======== Source material ========

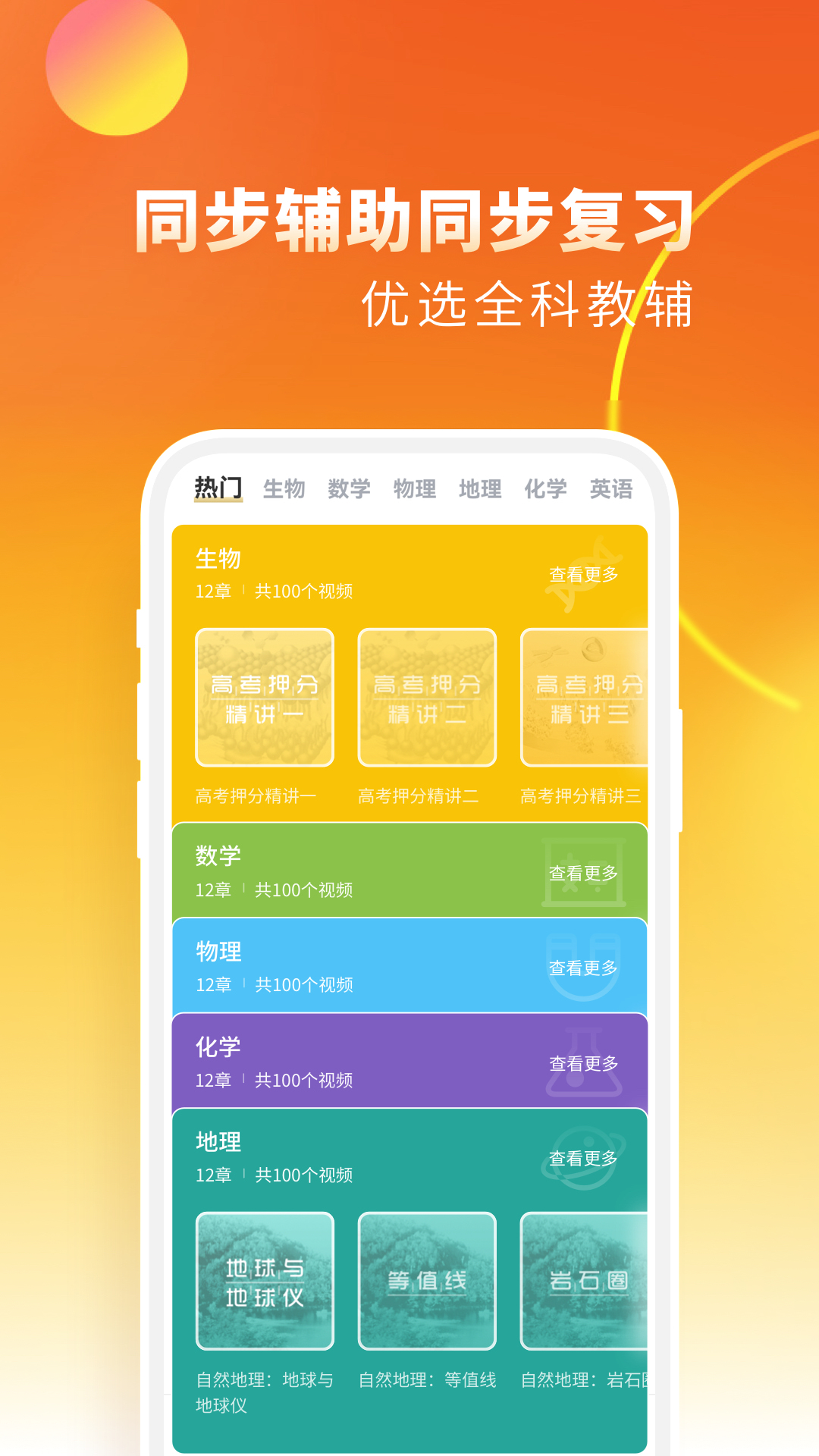 覆盖高中数学、高中语文、高中英语、高中物理、高中历史、高中化学、高中政治、高中地理、高中生物九大科目!助你一圆高考梦!
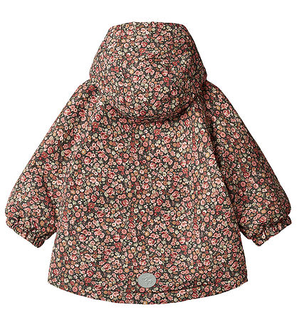 Adorable Wheat winter coat in charcoal grey with an allover floral print in pink, red, yellow and green shades
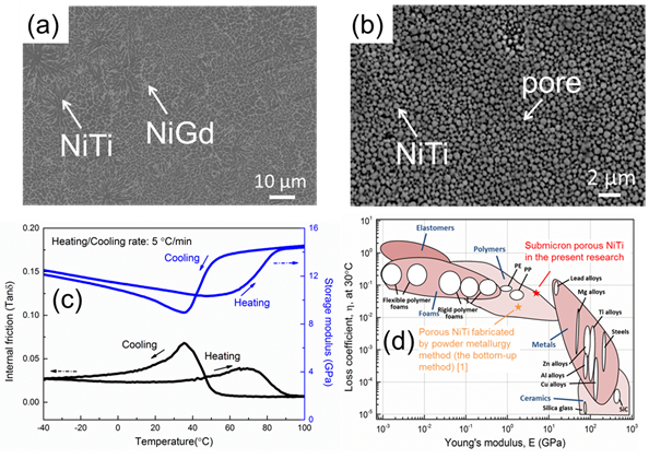 成果简介:区别于传统的粉末冶金法(自下而上)制备多孔NiTi合金时的孔隙尺寸大,孔隙大小分布不均等缺点,本成果利用全新的自上而下方法,先制备出还有Ni-Ti相的预制合金(如图(a)所示),然后利用两相在酸溶液中的反应性不同,选择性腐蚀了Ni-Gd相,从而制备出孔隙分布均匀的亚微米级多孔NiTi合金(如图(b)所示)。此材料表现出了优异的阻尼及力学性能(如图(c)所示),优于传统方法制备的多孔NiTi合金(如图(d)所示)。

========

# Brief
Reproduce the lines of the data that run from the one containing "Adorable Wheat winter" to the final line, both included, exactly as they appear and without the pictures.

# Response to this task
 Adorable Wheat winter coat in charcoal grey with an allover floral print in pink, red, yellow and green shades
 成果简介:区别于传统的粉末冶金法(自下而上)制备多孔NiTi合金时的孔隙尺寸大,孔隙大小分布不均等缺点,本成果利用全新的自上而下方法,先制备出还有Ni-Ti相的预制合金(如图(a)所示),然后利用两相在酸溶液中的反应性不同,选择性腐蚀了Ni-Gd相,从而制备出孔隙分布均匀的亚微米级多孔NiTi合金(如图(b)所示)。此材料表现出了优异的阻尼及力学性能(如图(c)所示),优于传统方法制备的多孔NiTi合金(如图(d)所示)。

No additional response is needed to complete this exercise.